O "Żydokomunie" Pawła Śpiewaka i młodych, postawnych blondynach z SS.
Interesujący artykuł Grzegorza Wąsowskiego o przemyśleniach prof. UW Pawła Śpiewaka. Pan profesor, od kilku miesięcy pełniący funkcję dyrektora Żydowskiego Instytutu Historycznego, zawarł je w dopiero co wydanym dziele "Żydokomuna. Interpretacje historyczne".
*** (...)Wszystko chyba jest jasne. Może poza jednym. Jak profesor jednej z najbardziej zasłużonych polskich uczelni, a teraz także dyrektor Żydowskiego Instytutu Historycznego mógł napisać coś takiego? Dziwne to i smutne jednocześnie. Aż prosi się o mocne słowa i ostre porównania. Krótka sekwencja zdań o perwersyjnym rozumowaniu mającym służyć jako wytłumaczenie, ubrane w formę próby wyjaśnienia emocjonalnych motywacji, wyboru esencjalnego zła byłaby w mojej ocenie zupełnie na miejscu.

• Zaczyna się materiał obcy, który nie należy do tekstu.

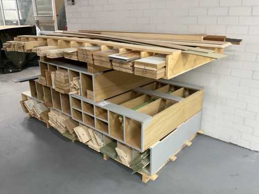 En diferentes tamaños, en y con armarios compartimentos de madera, dimensiones totales aproximadas 2500x1250x1250mm
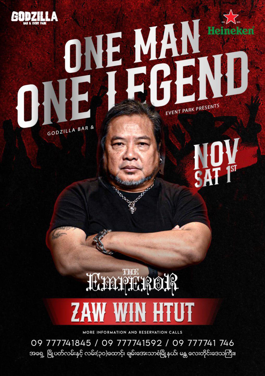 WELL-KNOWN rock singer Zaw Win Press launch held for new Myanmar film Htut will hold a live music show titled One Man, One Legend Show at the Godzilla Bar in Chanayethazan Township, Mandalay, starting at 7 pm on 1 November, according to the singer.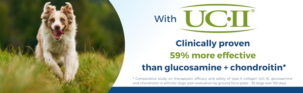 Several studies showed that UC-II® is 59% more effective than chondroitin and glucosamine in relieving dogs from pain and discomfort.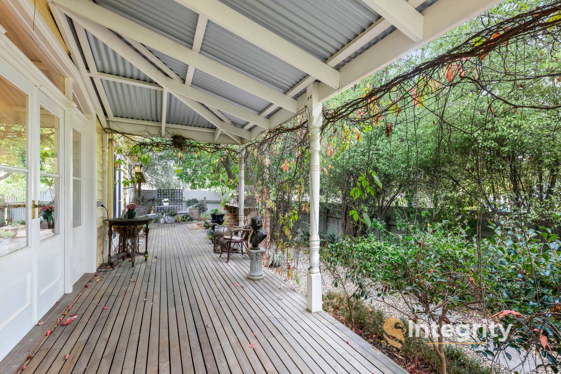 From the mudroom, exit out the rear door onto separate veranda and securely fenced garden. In this space, you'll also find a tool/storage shed and water tank.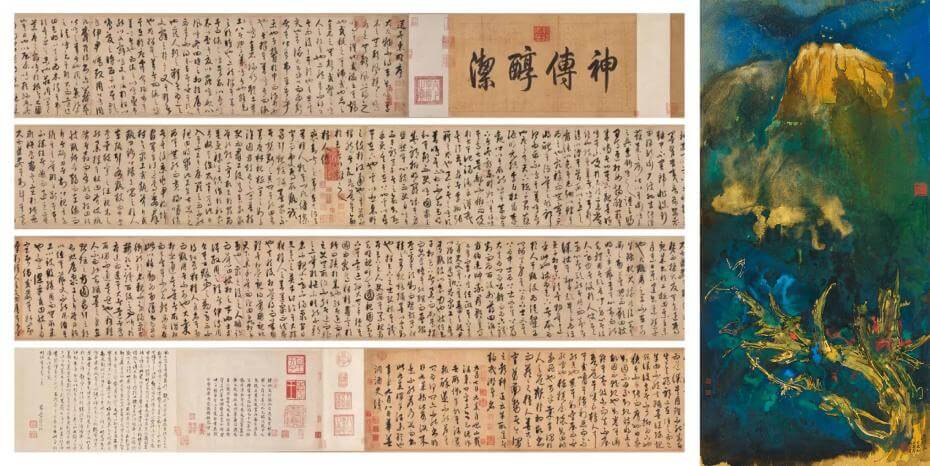 2025年中國嘉德春拍,張大千潑彩巨制《日蝕》以人民幣7,935萬元(約新台幣3.3億元)成交;在 2025 年4月香港蘇富比,饒介《草書韓愈柳宗元文》最終成交價為2億5,010萬港幣(約新台幣10.6億元)。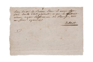 « Reçu de Mr Le Breton pour le meme objet porté dans les billets précédents, et pour le huitième volume, et pour l’explication des Planches ; trois cent livres. A Paris ce [en blanc] Diderot »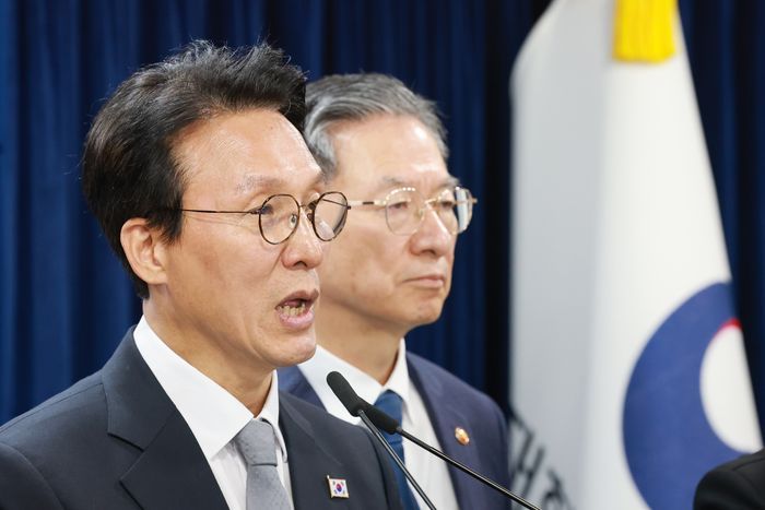 김민석 국무총리(왼쪽)가 18일 정부서울청사에서 '론스타 국제투자분쟁(ISDS) 취소 신청'과 관련해 긴급 브리핑을 하고 있다. 김 총리 오른쪽은 정성호 법무부 장관. ⓒ연합뉴스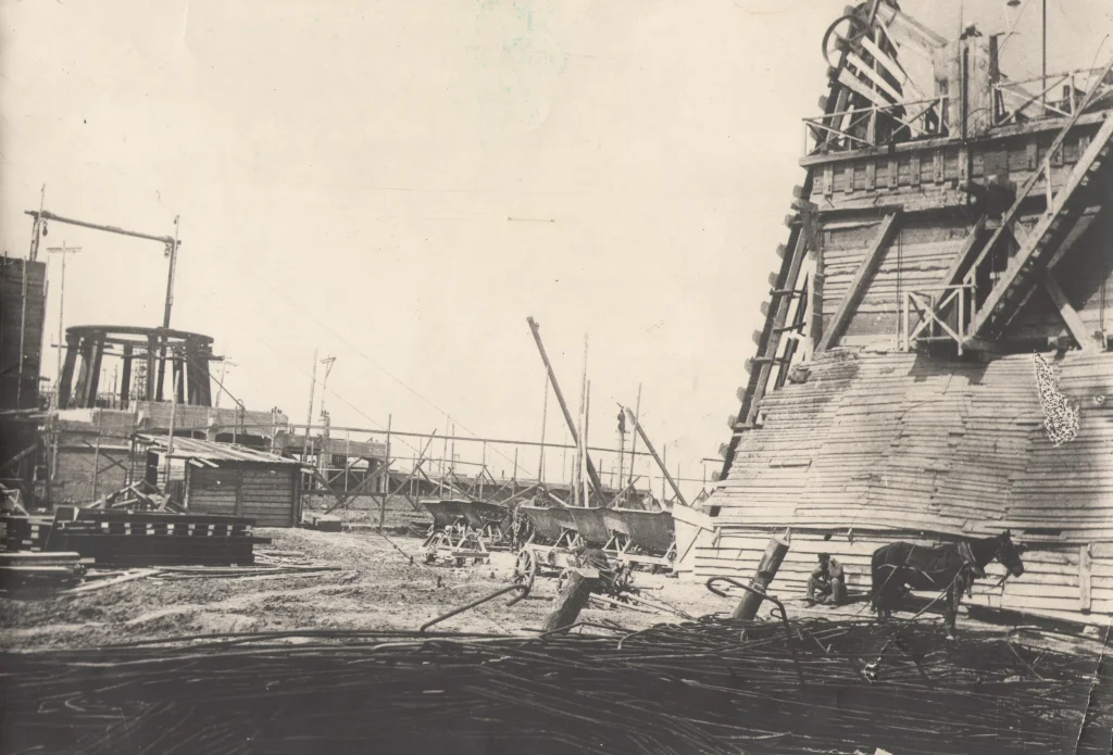 На фото из музея ОАО «Тулачермет»: строительство Доменной печи №1, 1931 г.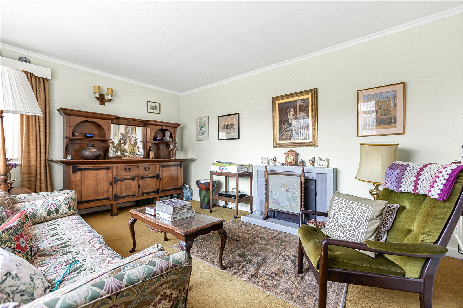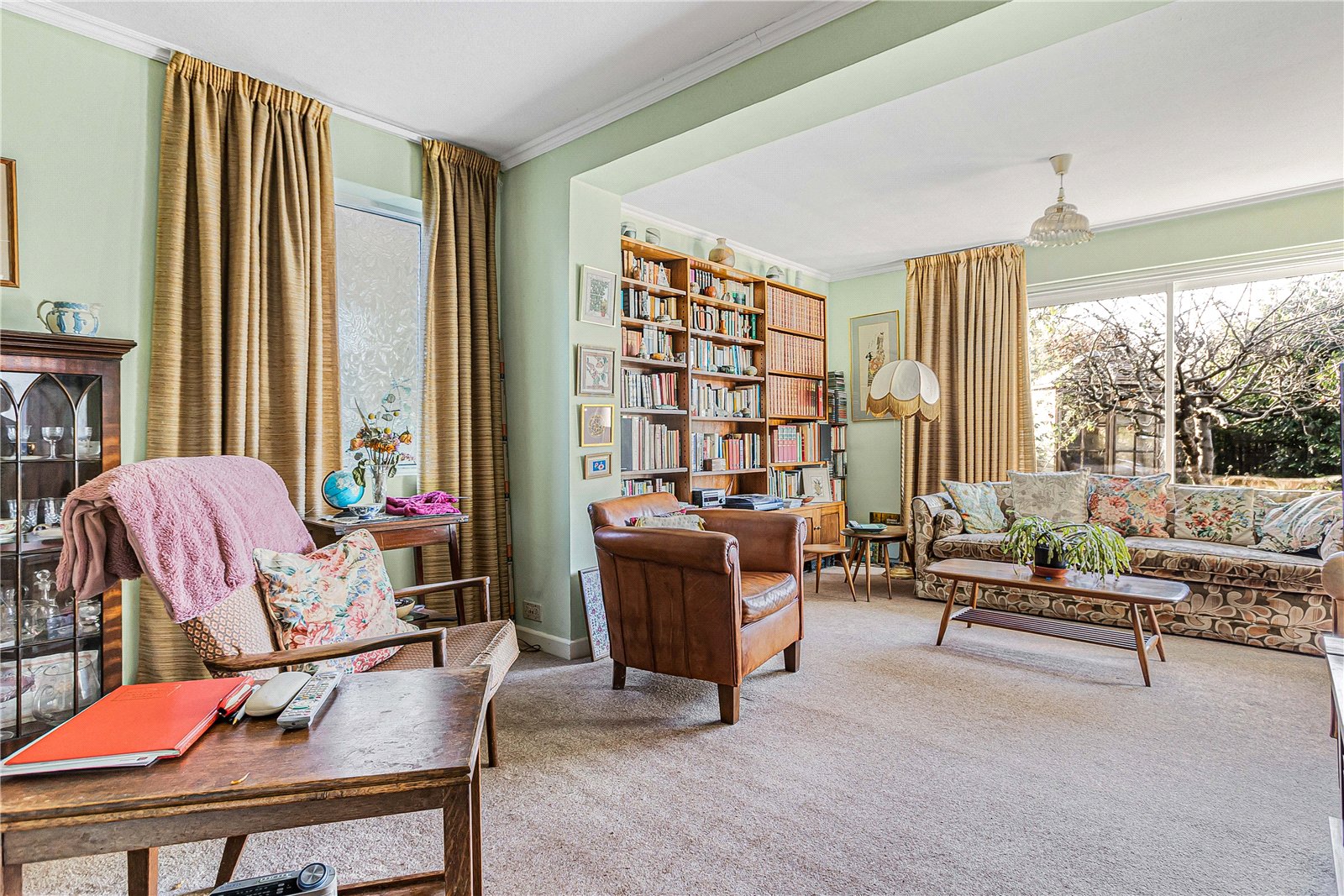 A welcoming hallway leads to a spacious sitting room, a rear living room with garden access, and a central dining room. The kitchen offers practical space with potential for updating, and a downstairs W.C. completes the ground floor.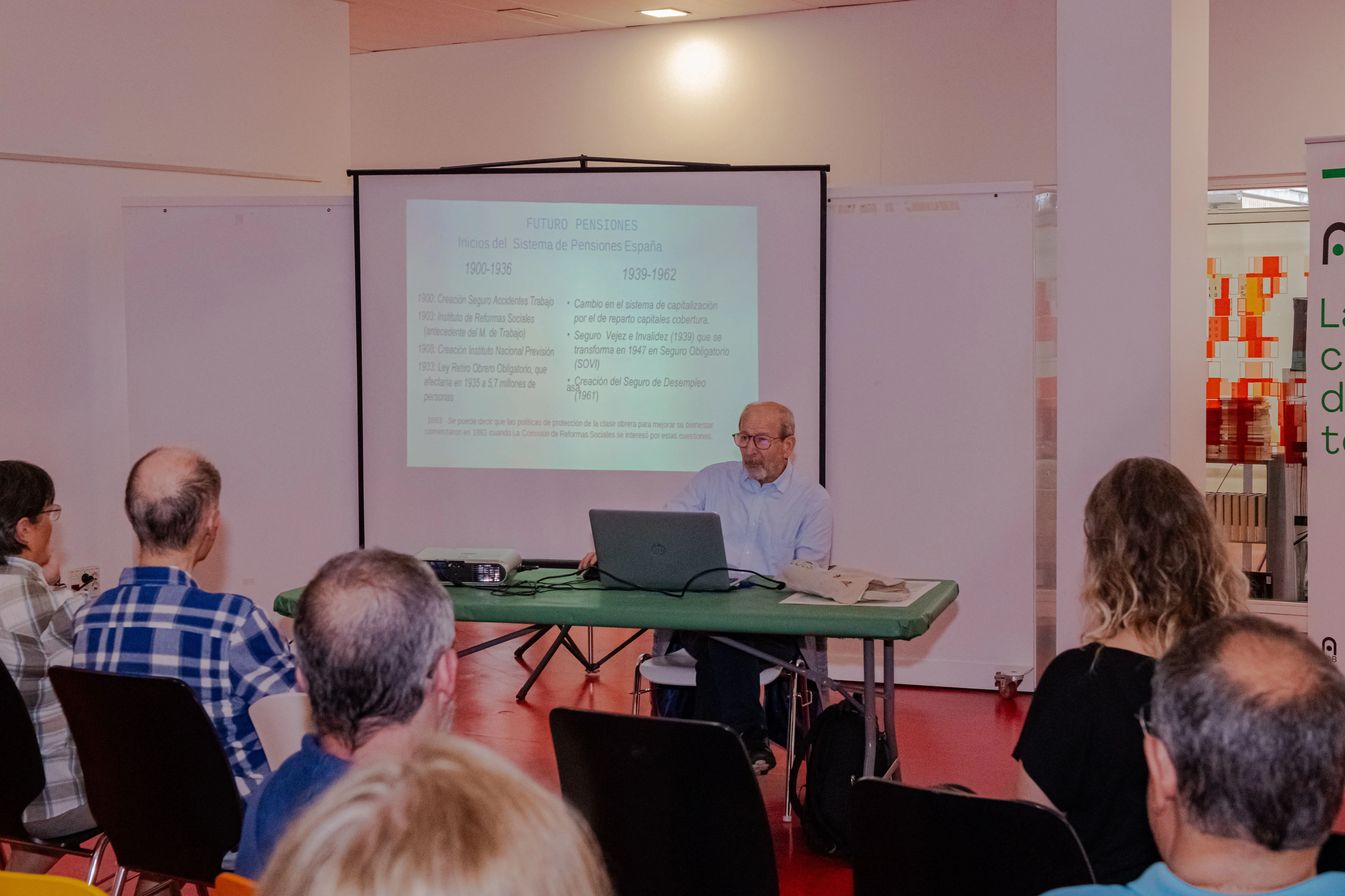 Després de fer una retrospectiva per la història i antecedents del sistema de pensions establert durant el s. XX, Marcos va fer una breu explicació de com es fa el càlcul de les pensions, reflexionant sobre com factors com l'augment de l'esperança de vida o el descens de la natalitat van en detriment d'un sistema de pensions fixes i indefinides que esdevé molt poc sostenible i deficitari. És per això que a l'inici del segle XXI es prenen diverses mesures, com el canvi del càlcul de la base reguladora o endarreriment de l'edat de jubilació.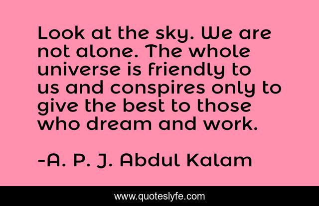 This page presents the quote "Look at the sky. We are not alone. The whole universe is friendly to us and conspires only to give the best to those who dream and work.". Author of this quote is A. P. J. Abdul Kalam. This quote is about alone, sky, best,.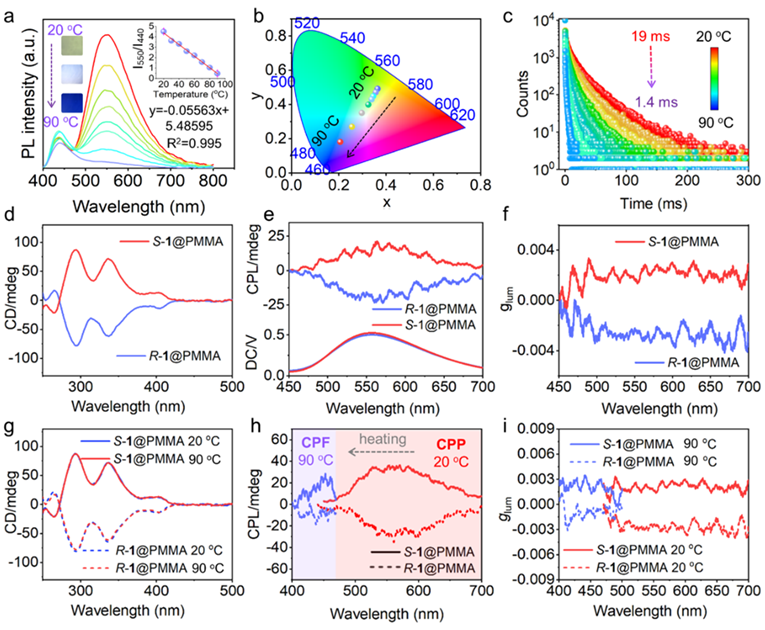 该无定形薄膜体系的发射颜色可以在光和热地刺激下,实现在黄色和蓝色之间(包括白光发射)可逆的原位调节。在调控过程中,相对稳定的荧光信号可以作为内在参考信号,可以提高整个系统发光颜色调控地相对准确度。该系统的最高光致发光量子效率在光激活后可达48% 以上。此外,该无定形单组分薄膜体系的圆偏振发光性质可以在温度地刺激下实习在圆偏振磷光和圆偏振荧光之间进行可逆切换。

Lektura przemyśleń pana profesora o odczuciach wspólnotowych żydowskich towarzyszy - członków formacji aparatu terroru komunistycznego zachęca do dalszego twórczego rozwinięcia poszukiwań odpowiedzi na pytanie o powody dla jakich ludzie wstępowali w szeregi formacji mundurowych służących okrutnym reżimom totalitarnym.(...)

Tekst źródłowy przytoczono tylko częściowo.